News, Product | 26.06.2026

Siemens PLC to MQTT: Two Paths for Every Tag, No Re-Engineering

Connecting a Siemens PLC to MQTT is how factory data reaches the systems that act on it – historian, MES, analytics and the unified namespace that ties OT and IT together.

In a Siemens-powered plant, that data lives deep inside the PLC. The goal of a connected factory is simple: full Siemens PLC data access – every operationally relevant value the controller holds reaching the systems that act on it. While OPC UA is the standard starting point, the densest controllers often hold more than their built-in servers can expose. When you hit that ceiling, you need a second path: Siemens’ S7plus (S7+) protocol, native and high-performance, reaching past the built-in server’s limits.


Expert article by

Dr. Diwaker Jha
Industrial Connectivity Expert, Cybus


The Blind Spot: 16,000 Tags That Never Reach MQTT

For full Siemens PLC data access, every tag has to be reachable – yet the densest controllers hold more than the built-in server is sized to expose. Take a case we ran into in the field: a Siemens S7-1200 holding over 18,000 tags. The customer connected via OPC UA and the first couple of thousand tags flowed – then the count stopped just under 2,000. That is the server’s node cap, the number of tags it can expose. Live updates are a separate budget: about 1,000 monitored items at 1,000 ms sampling, dropping to roughly 100 when you need 100 to 500 ms. The remaining 16,000 tags were healthy and present, but they sat just past what the built-in server is sized to expose. For complex datatypes, it falls further still – to a few variables. Not enough for modern, data-rich production environments.

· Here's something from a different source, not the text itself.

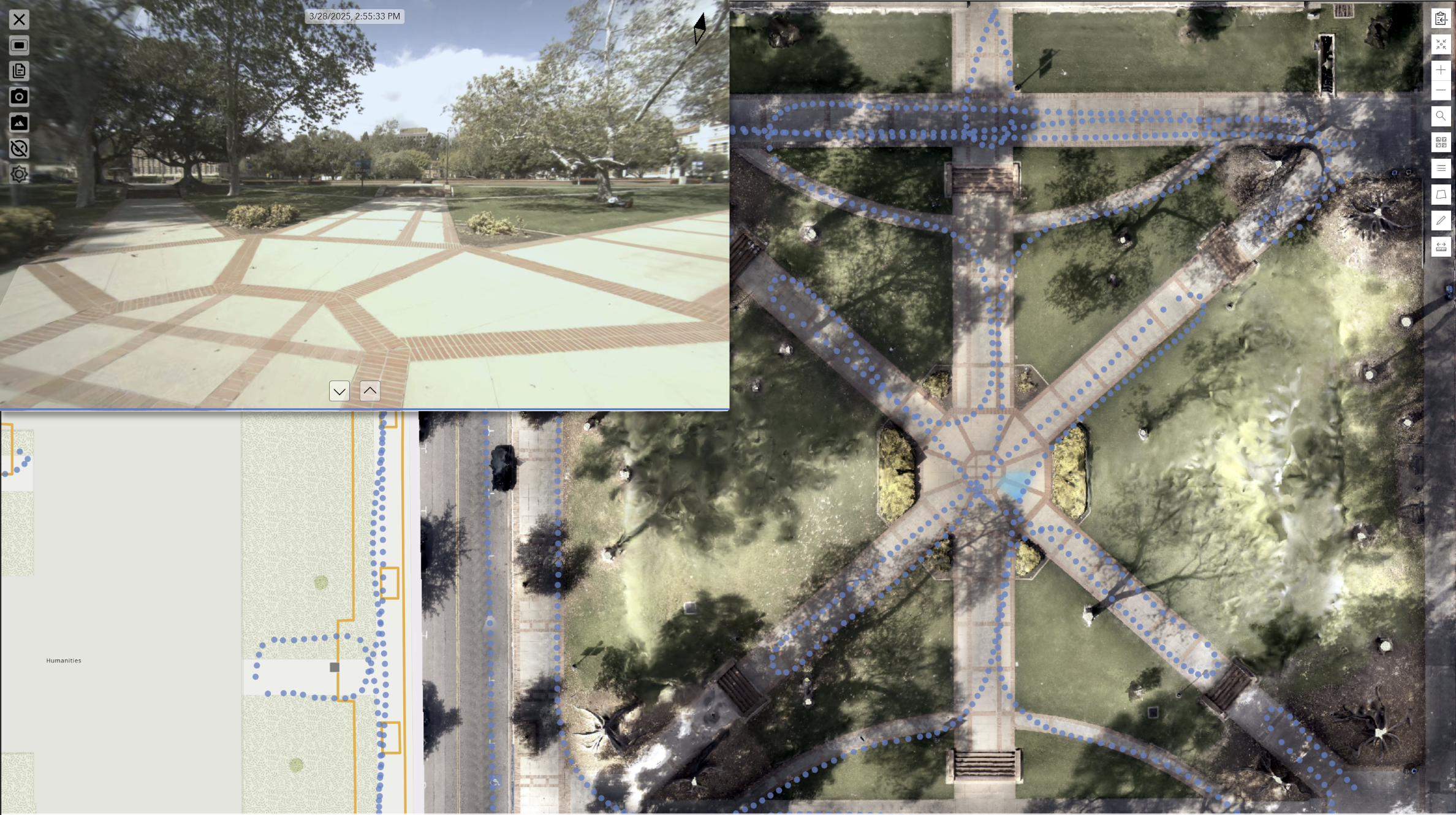 Capture: Over two weeks in March and April 2025, GeoCam’s team imaged approximately 42 miles of sidewalks, plazas, and pathways. Using a combination of walking, e-bikes, e-scooters, and driving cars; equipped with the GeoCam 360° high-accuracy cameras, the team logged high-resolution imagery, GNSS positions, and camera metadata.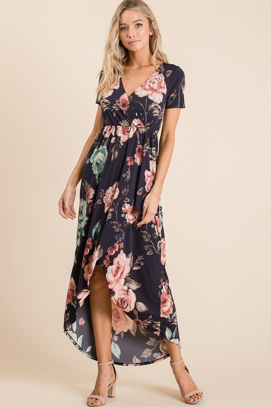Short Sleeve // Floral Dress // Knit Midi Dress // V neck // Flowy And Beautiful // Tulip Skirt // Gorgeous Dress

For a decision-maker, those locked tags aren’t just a technical hurdle; they are a blind spot. Your historian, MES and analytics dashboards can only optimize what they can see. In complex batch plants, the variables out of reach are often the ones that matter most: yield, energy efficiency and quality metrics. The breakthrough? The customer didn’t have to touch the controller. They simply opened the second path: native S7plus.

Getting Siemens data into MQTT isn’t a connector question, it’s an architecture decision: one path leaves tags behind, two paths leave nothing on the shopfloor.

— Dr. Diwaker Jha, Industrial Connectivity Expert, Cybus

OPC UA and S7plus: Two Paths from Siemens PLC to MQTT

Split the Controller, or Open a Second Path with S7plus

The traditional way past these limits is painful: “split” the controller. This involves adding new CPUs, spreading the logic across them and then performing a complete rewiring and revalidation. It is a capital-intensive project that demands significant downtime. 

A Factory Data Hub approach changes the math. By using S7plus – Siemens’ own native, high-speed protocol – you gain full visibility into the existing hardware. You keep the same CPU and the same program. You simply choose the right path for the volume of data required. Connectware speaks both, allowing you to lead with OPC UA and transition to S7plus as your data needs scale.

Bottom Line: Two Paths to Your Siemens Data, No Re-Engineering

Many platforms stop at the built-in server’s limit. Connectware speaks both OPC UA and native S7plus – two paths to your Siemens data.

The alternative to a second data path is re-engineering the controller: adding CPUs, rewiring and revalidating, with the line down throughout. Production stoppages are expensive – Siemens’ own True Cost of Downtime 2024 puts unplanned downtime at 11% of annual revenue for the world’s largest manufacturers. S7plus avoids that work entirely: same controller, same program, every tag.

As the single reliable source of truth between OT and IT, Connectware ensures your infrastructure never becomes your bottleneck. Whether you need the open standard of OPC UA or the full depth of S7plus, you have the road already paved. Don’t let a built-in server limit your factory’s intelligence.

Stop migrating data you can’t see

Every tag your built-in server hides is a blind spot in your historian, MES and analytics. Connectware gets all of them into MQTT – OPC UA first, native S7plus when you need every tag, no re-engineering.


How to Connect a Siemens PLC to MQTT: Quick Answers

  • How do you connect a Siemens S7-1200 to MQTT? Read the controller via OPC UA or the native S7plus protocol, then publish the normalized tags to an MQTT broker. Connectware handles both the southbound read and the northbound MQTT publish in one platform.
  • Why don’t all tags reach MQTT over OPC UA? The built-in OPC UA server on an S7-1200 caps at roughly 2,000 exposed nodes, regardless of how many tags the controller actually holds. Any tag beyond that ceiling never reaches your MQTT layer over OPC UA alone.
  • What is S7plus? S7plus (S7+) is Siemens’ native, high-performance protocol. Accessed via Connectware, it exposes every tag — over 18,000 in the field case above — with no node cap and read speeds around 40 ms (single) to 100 ms (complex), tested on the S7-1200.